Des bras pour porter des idées

25 Décembre 2020, 15:32pm

Publié par amoyquechault.over-blog.com

En une vingtaine d'années, la droite radicale a totalement perdu la rue, quand elle ne l'a pas simplement abandonnée. S'il existe sans doute quelques contre-exemples ponctuels et locaux, le constat est sans appel et il suffit, pour finir de s'en convaincre, de comparer la capacité de mobilisation, d'influence et d'instrumentalisation de l'extrême-gauche lors les derniers mouvements sociaux et protestataire avec les rares récentes tentatives d'action publique, type manifestation, de la mouvance nationaliste et identitaire. « Il n'y a pas photo » pourrait-on dire.

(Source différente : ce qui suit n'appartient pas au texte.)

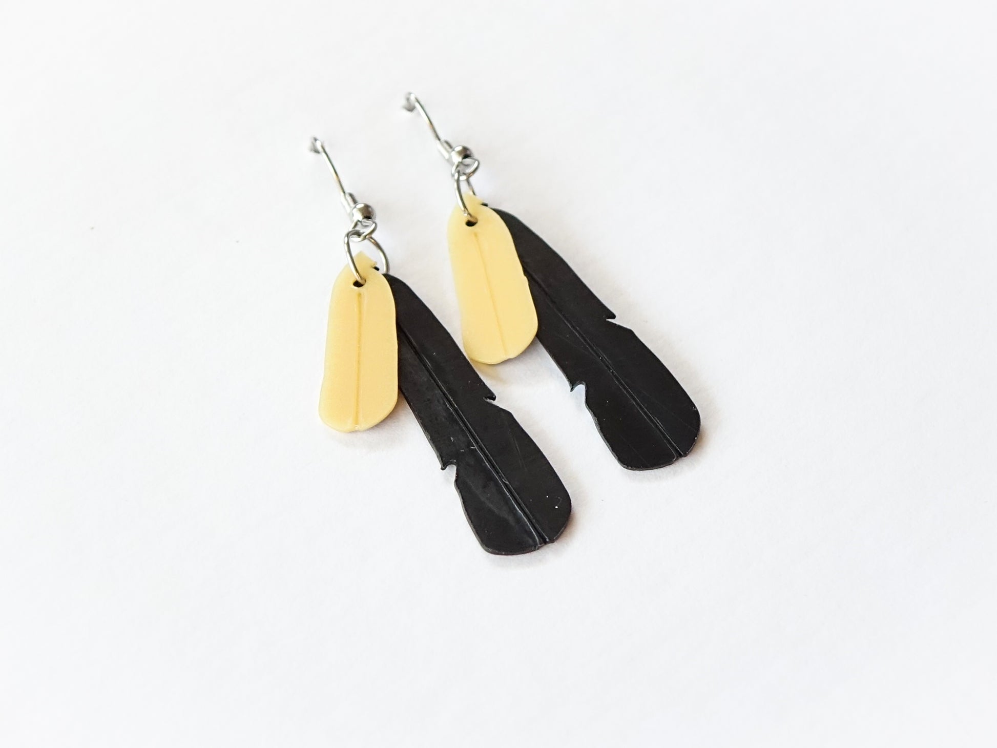 These duel feather earrings are made from gold and black ice cream container lids and drape over one another like the tail feathers of the Saddleback.

La rue délaissée, les efforts militants se sont redéployés sur divers axes : le tout-médiatique, pour la frange électoraliste, la métapolitique pour d'autres et les diverses formes de réseaux sociaux pour beaucoup d'individus esseulés ou revenus de toutes les appartenances partisanes. Si chacune de ces voies a pu produire des « gains » et même obtenir certains succès, aucune n'a pu atteindre son but final, que ce soit la « prise de pouvoir », « l'entrisme médiatique » ou la « conquête des esprits ». Ainsi, on se retrouve aujourd'hui avec un parti « national » qui pèse dans les urnes mais est totalement exsangue idéologiquement et vidé de toute force militante, une sphère « intellectuelle » relativement active et foisonnante mais qui semble fonctionner en vase-clos et peine à offrir des perspectives concrètes à son auditoire, deux ou trois chroniqueurs télévisés « réacs » divinisés mais toujours aussi perdus et isolés dans la matrice journalistique libérale-libertaire dont ils ne sont que la caution, et des youtubeurs plus ou moins histrionnesques qui gèrent chacun leur petite épicerie pour le plus grand plaisir d'une masse croissante de cyber-consommateurs/commentateurs. Par ailleurs, nourri par le mépris réciproque des uns et des autres, le divorce entre les « grosses têtes » et les « gros bras » semble consommé, les premiers s'enfermant dans leurs salles de conférences tandis qu'une partie des seconds s'enfonce dans l'activisme stérile d'une violence provocatrice et nihiliste ou dans des démarches purement individualistes. Bref, à l'heure où les périls s'accumulent et s'accroissent, où la répression et le contrôle se renforcent, où les ennemis s'aguerrissent et s'organisent, et où le système accélère sa prise de contrôle de toutes les dimensions de l'existence, la situation n'est pas très brillante...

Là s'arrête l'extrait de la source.